Supplied information:
========================================================================

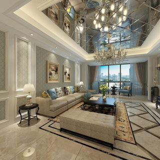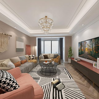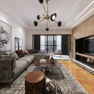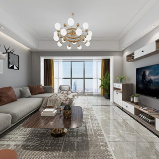 现代轻奢客厅全景
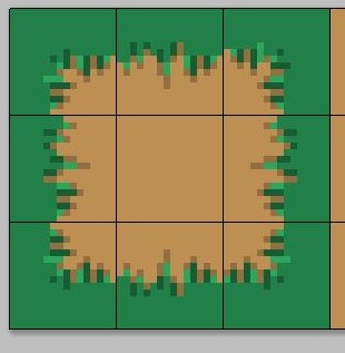 드디어 마지막 포스팅이라고 해야 할까요? 일단 이 배경을 만들기 위한 타일을 만드는 작업을 끝내기 위한 작업을 하고자 합니다. 물론 100% 완성은 아니기는 합니다만, 그래도 일단 여기까지 가 보도록 합니다. 일단 이 풀밭과 맨땅의 경계를 한번 다 만들어 보도록 합니다.
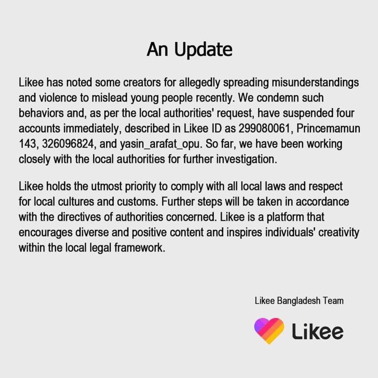 বিনোদন ডেস্ক : বিতর্কের মুখে টিকটক অপুর লাইকি অ্যাকাউন্ট ব্যান করে দিল লাইকি কর্তৃপক্ষ। আজ এক বিজ্ঞপ্তির মাধ্যমে এমন ঘোষণা দেয় লাইকি বাংলাদেশ।

========================================================================

Activity: Only the lines from the one containing "드디어 마지막 포스팅이라고" through the final line of the listing should be reproduced, exactly and with no pictures.

Answer to this exercise:
 드디어 마지막 포스팅이라고 해야 할까요? 일단 이 배경을 만들기 위한 타일을 만드는 작업을 끝내기 위한 작업을 하고자 합니다. 물론 100% 완성은 아니기는 합니다만, 그래도 일단 여기까지 가 보도록 합니다. 일단 이 풀밭과 맨땅의 경계를 한번 다 만들어 보도록 합니다.
 বিনোদন ডেস্ক : বিতর্কের মুখে টিকটক অপুর লাইকি অ্যাকাউন্ট ব্যান করে দিল লাইকি কর্তৃপক্ষ। আজ এক বিজ্ঞপ্তির মাধ্যমে এমন ঘোষণা দেয় লাইকি বাংলাদেশ।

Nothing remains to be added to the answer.